Tudo Menos Economia

Por

Bagão Félix, Francisco Louçã e Ricardo Cabral

António Bagão Félix

26 de Fevereiro de 2016, 09:19

Por

“Vemos, ouvimos e lemos. Não podemos ignorar”

ng6000273Dizia assim uma notícia da Lusa – com impacto limitado nos nossos media – de domingo, 21 de Fevereiro:

Um hotel preparado para acolher refugiados na localidade de Bautzen, no leste da Alemanha, ficou seriamente danificado na noite passada por um incêndio, enquanto grupos de vizinhos festejavam o sinistro [sublinhado meu].

A polícia deteve temporariamente três pessoas, por interferirem no trabalho dos bombeiros envolvidos no combate às chamas.

Os incêndios em unidades destinadas a acolher refugiados, já habitadas ou em construção, têm-se sucedido nos últimos meses, muitos deles alegadamente ateados propositadamente para impedir que cheguem à população alvo.

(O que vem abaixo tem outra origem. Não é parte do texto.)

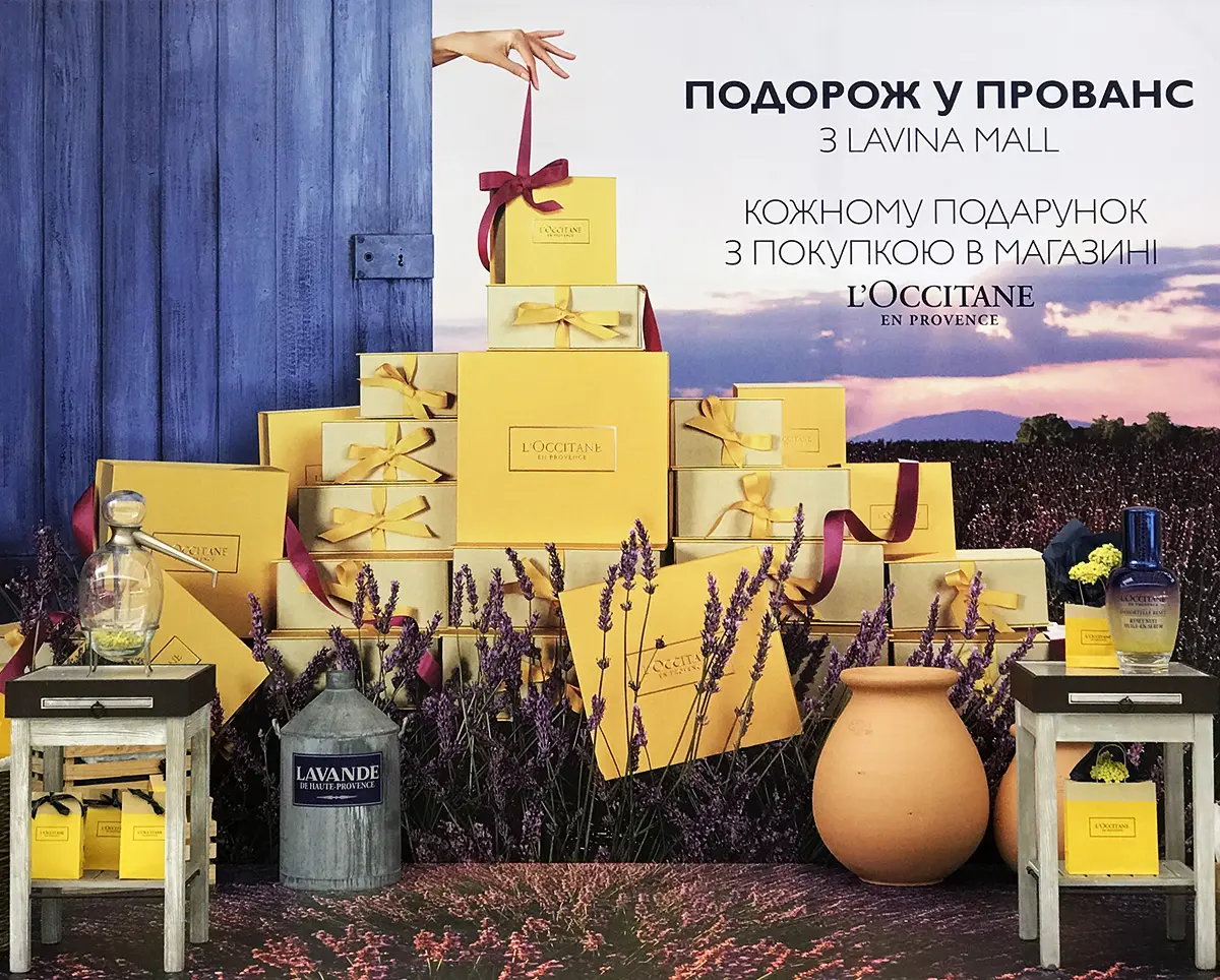 В ТРЦ Lavina Mall, у фонтанов, находится уголок, который передаст всю красоту и особенность Франции. Кроме впечатляющей атмосферы и возможности сделать невероятные фото, бренд L’Occitane дарит каждому подарок с покупкой в магазине.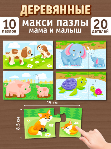 Развивающие деревянные макси пазлы "Мама и малыш" Десятое королевство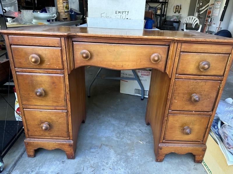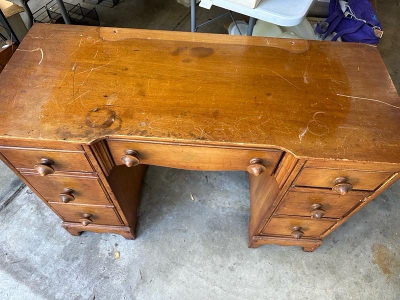 This is a great size desk. We believe it was a vanity, but the mirror has been lost. The desk is 40 inches long 24 inches deep and 20 inches tall.

E acrescentava-se na mesma notícia que a chegada de milhares de refugiados à Alemanha – o país recebeu no ano passado cerca de 1,1 milhões – fez disparar os ataques contra habitações destinadas a requerentes de asilo, já habitadas ou em construção.

Esta triste notícia fala por si. Não é preciso acrescentar mais nada. A indiferença perante a dor alheia alastra num mundo “convidado” a ser cada vez mais amoral e individualista. Que importância tem esta notícia quando comparada com o exibicionismo da ganância, o elogio da avareza e da luxúria, a propagação da batota, o vazio de ideais, a alienação social-futebolística dos dias de hoje? Como escreveu Sophia de Mello Breyner, “o nosso tempo é pecado organizado”.

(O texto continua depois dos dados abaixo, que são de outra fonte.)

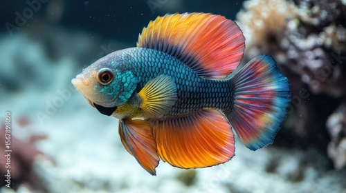 Obraz premium Siamese fighting fish with rainbow-colored fins dancing in clear water,...

Paradoxalmente a chanceler Merkel, sempre tão áspera e (nem sempre justificadamente) criticada como a personificação do mal, pode vir a sucumbir pela circunstância de ser quase a única, na Europa, a ter uma política de acolhimento mais aberta. Bem sei que, como se diz em linguagem eticista, será uma espécie de “enlightened ethical egoism” ou “enlightened utilitarianism” (egoísmo ético ou utilitarismo esclarecidos), isto é uma acção ou decisão que, além de trazer benefícios para os refugiados, pode ter, mais tarde, bom retorno para o país acolhedor.

Como há dias exortou o Papa Francisco este tipo de situações, que se vêm verificando perante muita apatia, “parece minar as bases desse ‘espírito humanista’ que a Europa ama e defende desde sempre”,  advertindo que tal não pode impedi-la de continuar a ser “um farol de humanidade“.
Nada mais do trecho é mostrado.